• [Exercise] Print only the lines from the top of the data through the line with "온라인 정책제안 참여공간 '과학기술혁신플러스' 홈페이지 소개", both included, skipping every picture.

----- Given material -----

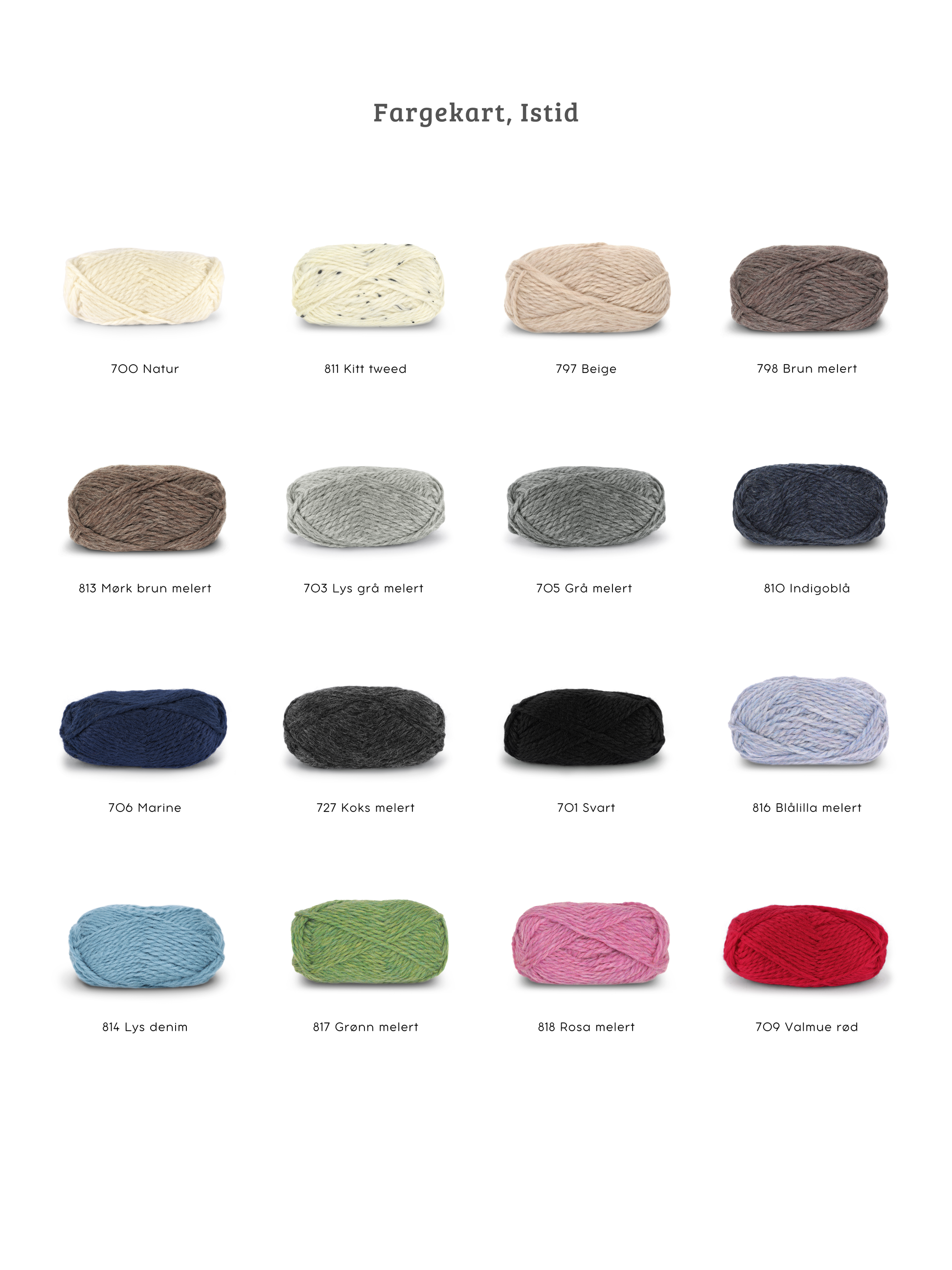 Garnpakken inneholder garn og oppskrift. Oppskriften er digital og sendes som PDF-fil til e-posten din. Om ønskelig kan du legge til rundpinner i bjørk (60 cm, 8 mm) med 25 % rabatt.
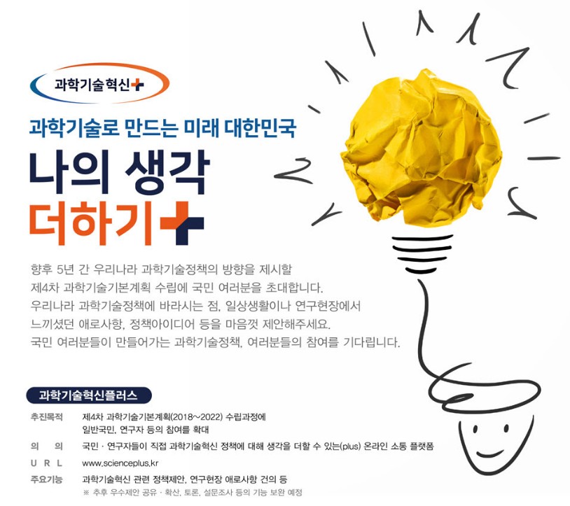 온라인 정책제안 참여공간 '과학기술혁신플러스' 홈페이지 소개
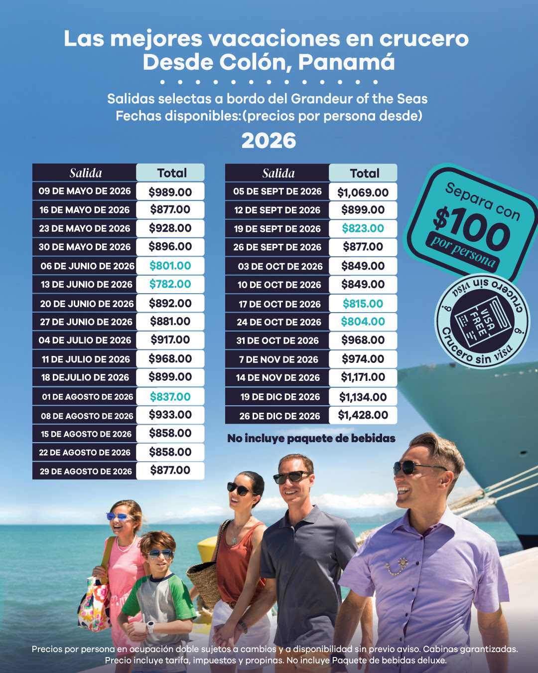 Embarque en Reykjavik, Islandia y desembarque en Southampton, Inglaterra a bordo del Nuevo Barco, Norwegian PRIMA Crucero de 10 días recorriendo desde Islandia, Noruega, Holanda, Bélgica, hasta Inglaterra. Del 5 al 15 de septiembre de 2024 El Precio Incluye Crucero en cabina seleccionada con impuestos y propinas. Todas las comidas en restaurantes principales del barco. 35% de descuento Ya aplicado a todos los precios Válido por tiempo limitado. Aplica a la promoción de Verano “Free At Sea” Válido por tiempo limitado. La naviera actualiza los precios a diario, por lo tanto, están sujetos a cambio al momento de reservar. RUTA Cotizar Precios Tentativos por Cabina según cantidad de Personas Cabina Studio Total para 1 sola persona en Cabina Studio desde $3,398 Cotizar Cabina Interna Total para 2 personas en Cabina Interna desde $5,225 Total para 3 personas en Cabina Interna desde $5,992 Total para 4 personas en Cabina Interna desde $6,619 Cotizar Cabina con Ventana Total para 2 personas en Cabina con Ventana desde $6,324 Total para 3 personas en Cabina con Ventana desde $7,092 Total para 4 personas en Cabina con Ventana desde $7,719 Cotizar Cabina con Balcón Total para 2 personas en Cabina con Balcón desde $7,025 Total […]
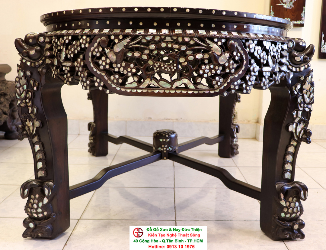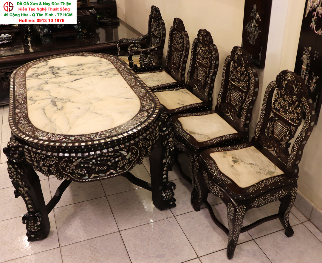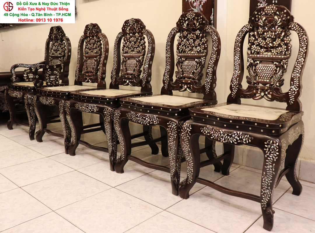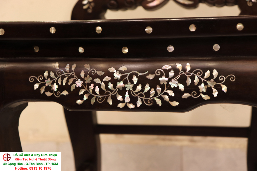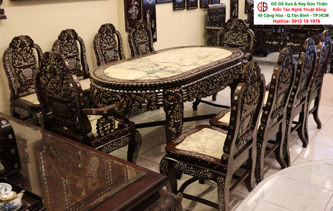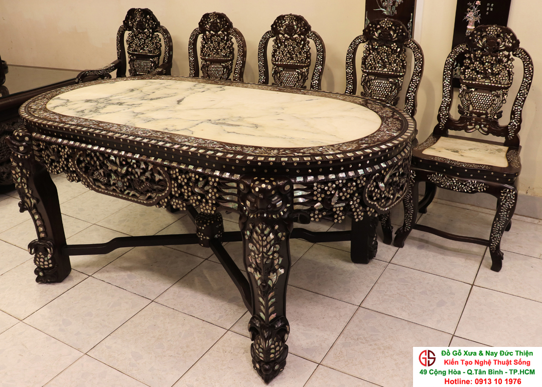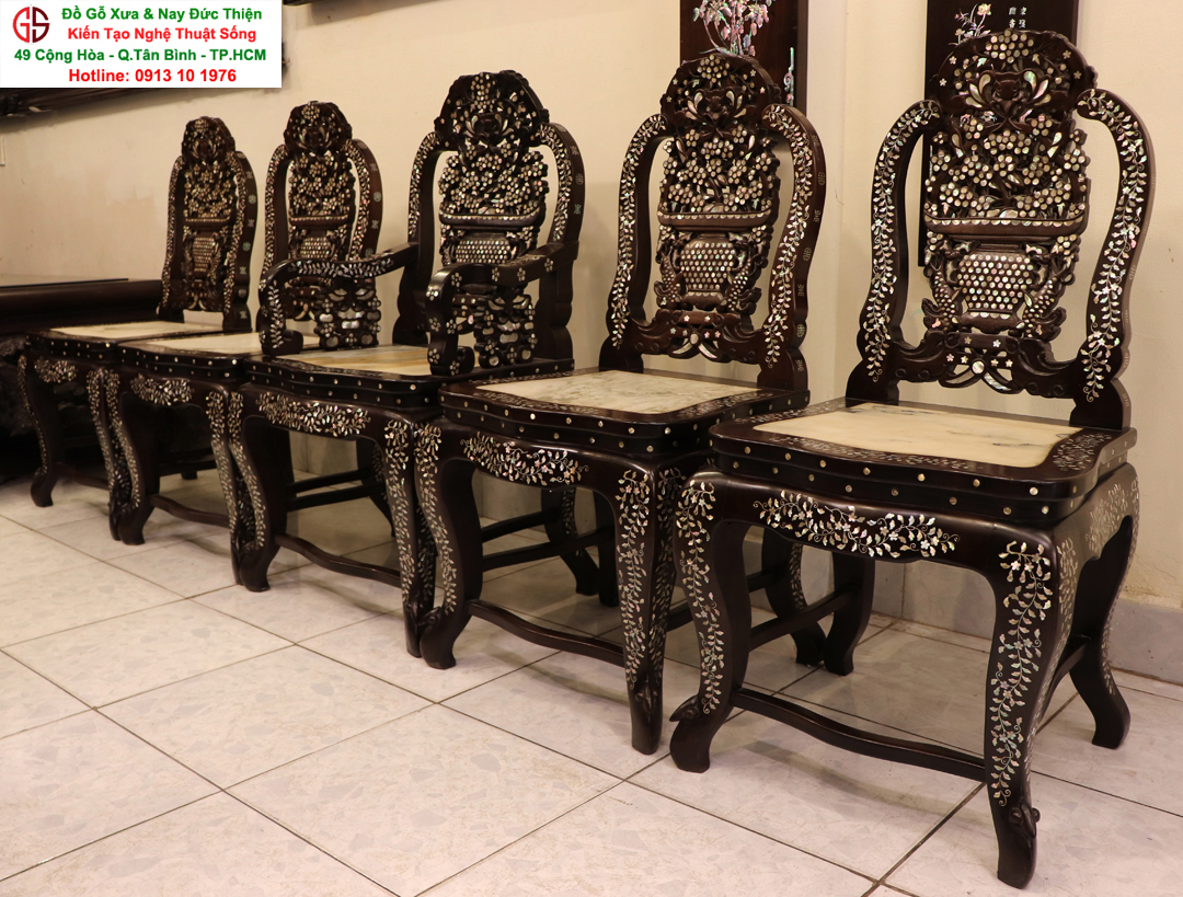 - Bàn ghế Louis, đôn trống gỗ trắc, bộ bàn ăn cẩn ốc, bàn ghế phương kỷ, bàn trung đường cẩn ốc xà cừ

-----

• [Answer to the problem]
 Garnpakken inneholder garn og oppskrift. Oppskriften er digital og sendes som PDF-fil til e-posten din. Om ønskelig kan du legge til rundpinner i bjørk (60 cm, 8 mm) med 25 % rabatt.
 온라인 정책제안 참여공간 '과학기술혁신플러스' 홈페이지 소개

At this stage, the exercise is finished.